:: ACTIVITY ::
Only one span is wanted from the lines below: from the one with "所以小A在8月收入额为100" up to and including the one with "Maak kennis met". Copy it exactly, without images.
[Opening DATASET EXCERPTS section]
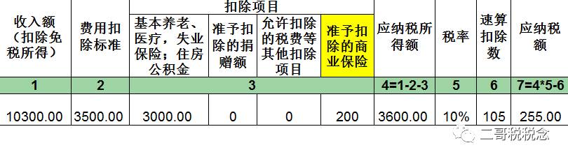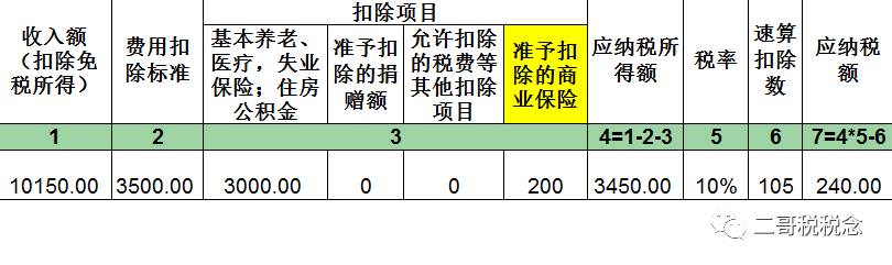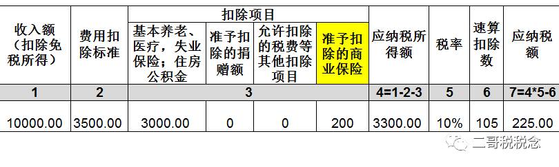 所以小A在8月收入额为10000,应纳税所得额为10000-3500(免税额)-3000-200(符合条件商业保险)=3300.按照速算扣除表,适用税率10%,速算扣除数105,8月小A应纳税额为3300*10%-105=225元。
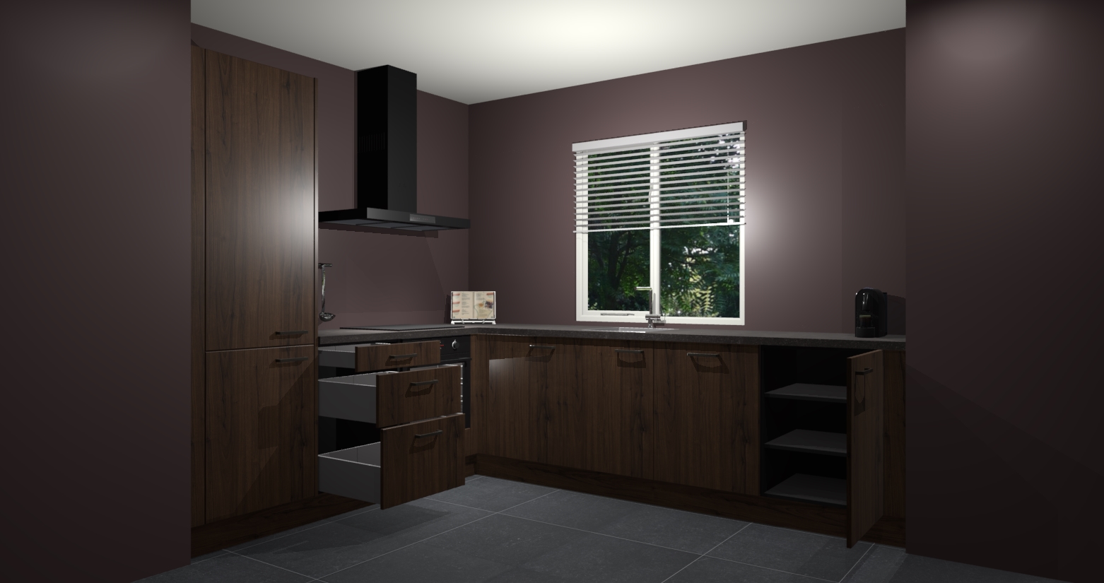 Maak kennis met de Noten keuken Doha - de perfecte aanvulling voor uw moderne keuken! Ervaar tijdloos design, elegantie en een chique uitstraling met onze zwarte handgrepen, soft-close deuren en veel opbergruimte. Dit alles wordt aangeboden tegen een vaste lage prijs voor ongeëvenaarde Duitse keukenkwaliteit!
[Closing DATASET EXCERPTS section]
[Opening DATASET EXCERPTS section]
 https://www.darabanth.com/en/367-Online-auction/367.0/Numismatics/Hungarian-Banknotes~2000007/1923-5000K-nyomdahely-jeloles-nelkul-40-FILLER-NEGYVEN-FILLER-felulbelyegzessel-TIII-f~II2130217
[Closing DATASET EXCERPTS section]
[Opening DATASET EXCERPTS section]
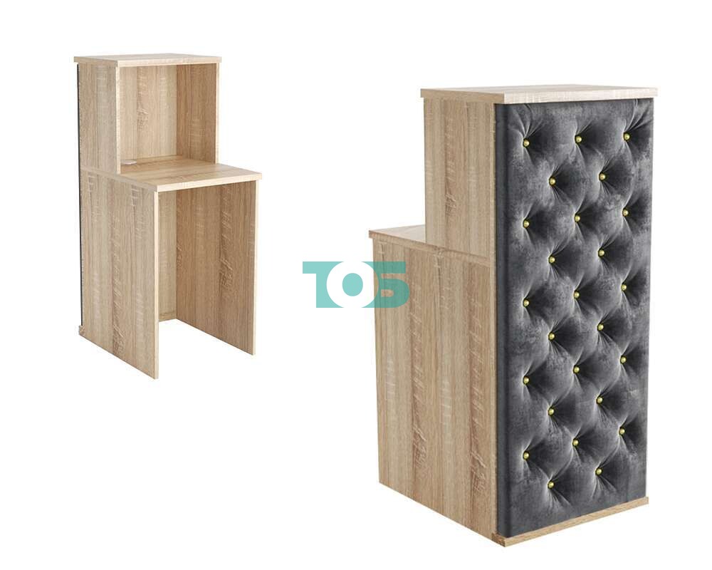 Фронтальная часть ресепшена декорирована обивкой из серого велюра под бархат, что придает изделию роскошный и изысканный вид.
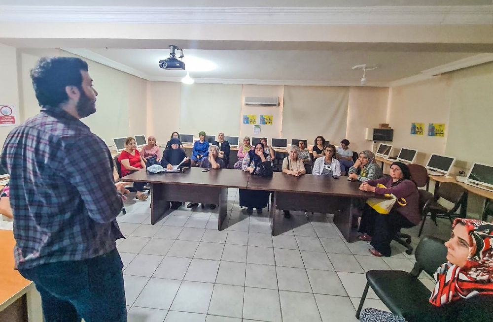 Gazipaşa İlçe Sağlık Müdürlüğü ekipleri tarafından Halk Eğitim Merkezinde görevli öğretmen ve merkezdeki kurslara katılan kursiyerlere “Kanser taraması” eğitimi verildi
[Closing DATASET EXCERPTS section]
:: TASK SOLUTION ::
 所以小A在8月收入额为10000,应纳税所得额为10000-3500(免税额)-3000-200(符合条件商业保险)=3300.按照速算扣除表,适用税率10%,速算扣除数105,8月小A应纳税额为3300*10%-105=225元。
 Maak kennis met de Noten keuken Doha - de perfecte aanvulling voor uw moderne keuken! Ervaar tijdloos design, elegantie en een chique uitstraling met onze zwarte handgrepen, soft-close deuren en veel opbergruimte. Dit alles wordt aangeboden tegen een vaste lage prijs voor ongeëvenaarde Duitse keukenkwaliteit!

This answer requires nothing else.